ASCON Group
- Industry: Computer software CAD
- Founded: Leningrad, Soviet Union (1989; 37 years ago)
- Headquarters: St. Petersburg, Russia
- Area served: Worldwide
- Key people: Maxim Bogdanov (CEO)
- Number of employees: 651
- Website: ascon.net

= ASCON =

Russian developer of CAD and PDM software

ASCON (also ASCON Group, АСКОН) is a Russian developer of CAD and PDM software and a systems integrator headquartered in Saint Petersburg. The name of the company originates from an abbreviation of an "Automated System for Construction (Автоматизированная система конструирования).

==History==
The company was founded in 1989 by Alexander Golikov and Tatyana Yankina who previously worked at KB Mashinostroyeniya in Kolomna. In 1993, ASCON signed its first major contract with Zheldorremmash which fueled its development.

By 2014, the company had over 7000 industrial customers including AutoVAZ, Severstal, Kazzinc, and others. On its home market, ASCON holds a dominant position over its core competitor Autodesk.

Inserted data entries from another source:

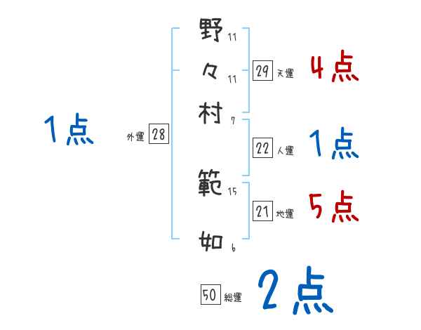 野々村範如さんの画数の鑑定結果
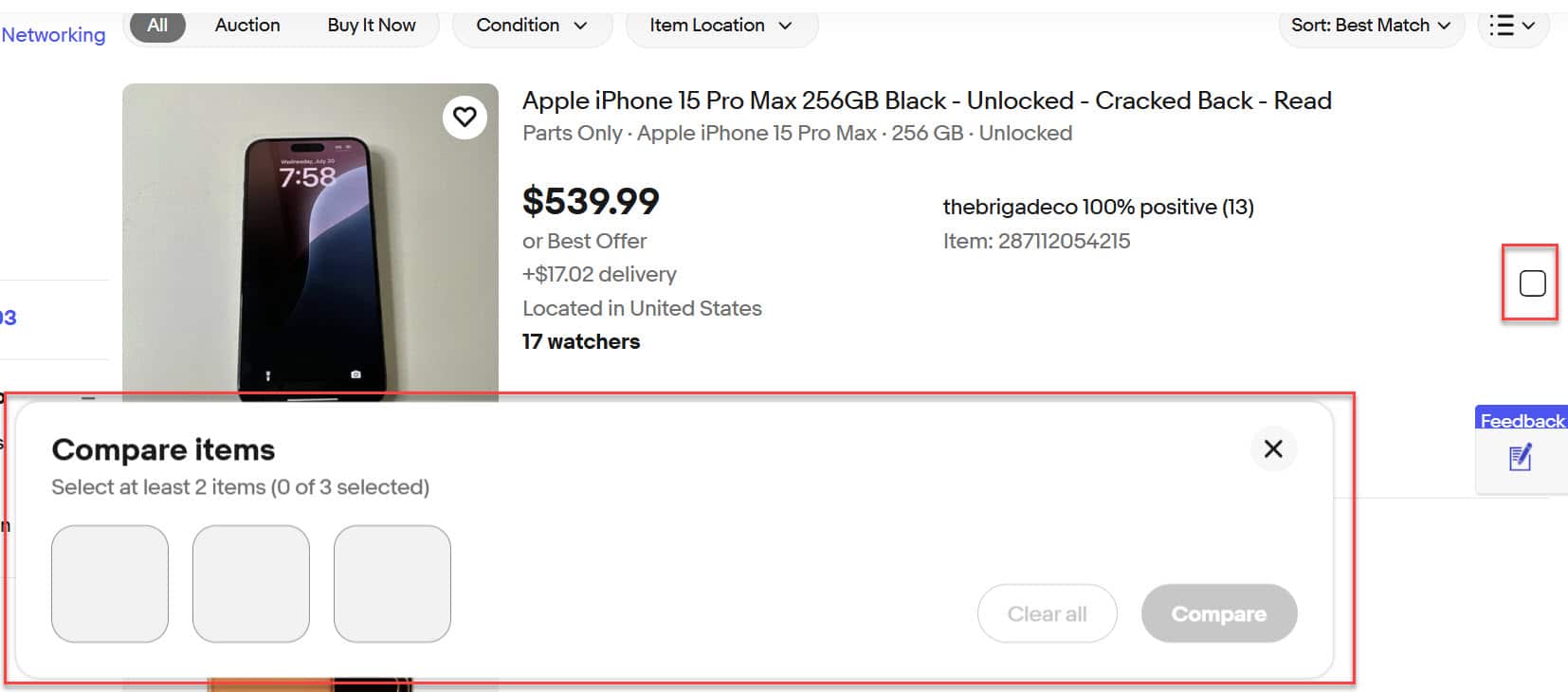For items using Promoted Listings Priority cost per click ads, if your item is shown in search as Sponsored and a prospective buyer clicks the checkbox to put it in this "compare" module with other items - that will count as a "click" and you will pay whatever ad rate is applicable, even if the buyer never actually views your full item listing page.
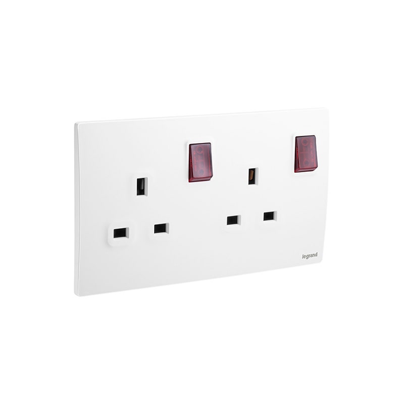 ليجراند – مخرج مأخذ مزدوج القطب Mallia Senses، BS، مجوز، 13A، 250V، مع LED، Matt White
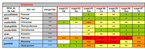 Az OKI Aerobiológiai Hálózatának Tatabányára vonatkozó 36. heti jelentése
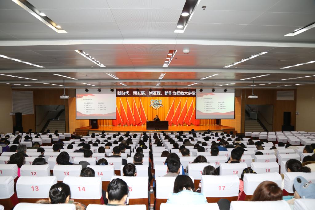 绽放着喜庆的笑脸,伴随着春天的脚步,新的学期开始了。新的学期、新的开始,带来新的机遇、新的挑战,也孕育着新的希望与憧憬。学院“新时代、新发展、新征程、新作为”职教大讲堂第五讲在新学期第一天开讲了。学院领导班子全体成员、全院教师、副科级以上干部参加了专题报告会。报告会由教科研处马卫强处长主持。
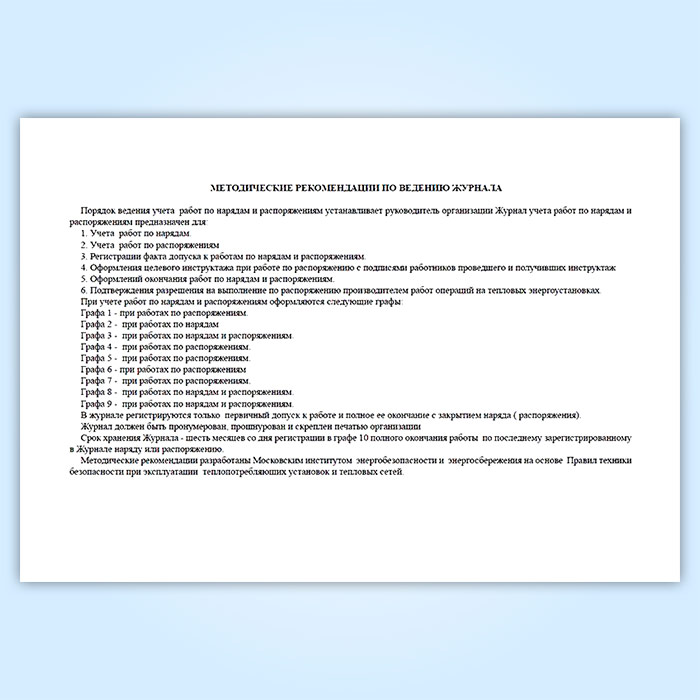 Журнал учета работ по нарядам и распоряжениям на тепловых энергоустановках в Тюмени купить
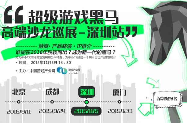 “超级游戏黑马“系列沙龙活动【深圳站】火热报名中:
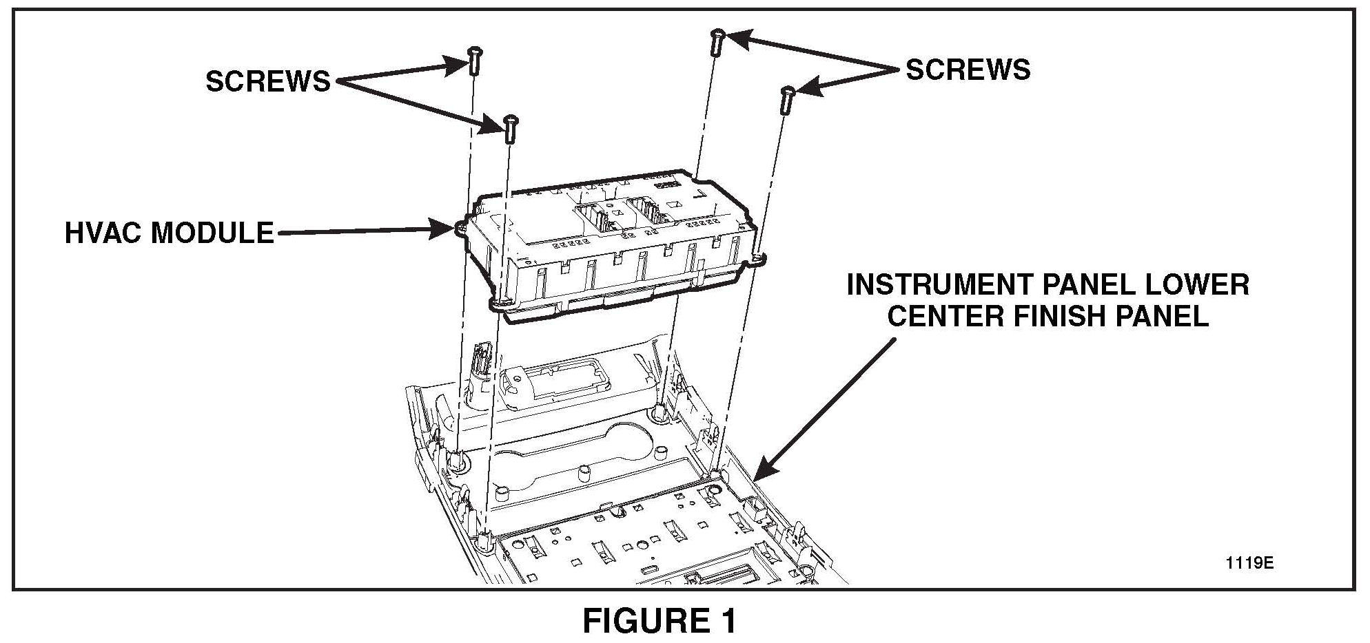 4. Install the HVAC module to the new instrument panel lower center finish panel. See Figure 1.
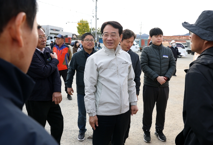 | ▲ 강진원 강진군수가 지난 11일 수매현장을 방문해 격려하고 있다. |
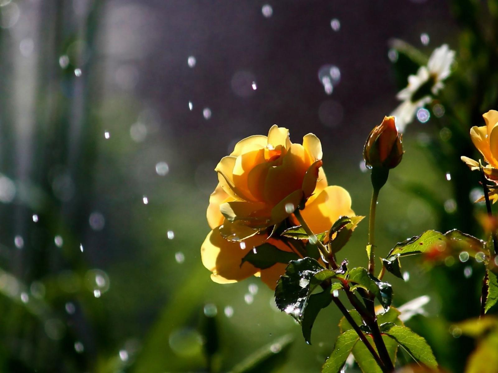 Wallpaper Yellow roses in the rain

In 2015, Renga Architecture was released (working title — “Tornado”), a three-dimensional architectural and construction design system that enables the creation of 3D models of buildings and structures using commands familiar to designers (wall, column, beam, window, etc.). ASCON became a partner of Lin Industrial. Pilot-ICE received the Best Soft 2015 award from PC Magazine/RE.

==Subsidiaries==
- C3D Labs
- DEXMA Labs
- Renga Software

==Sanctions==
On November 2, 2023, the company was included in the US sanctions list. On February 23, 2024, the company was included in the sanctions list of the European Union and Canada for "developing engineering software for the production of missile systems in service with the Russian Armed Forces".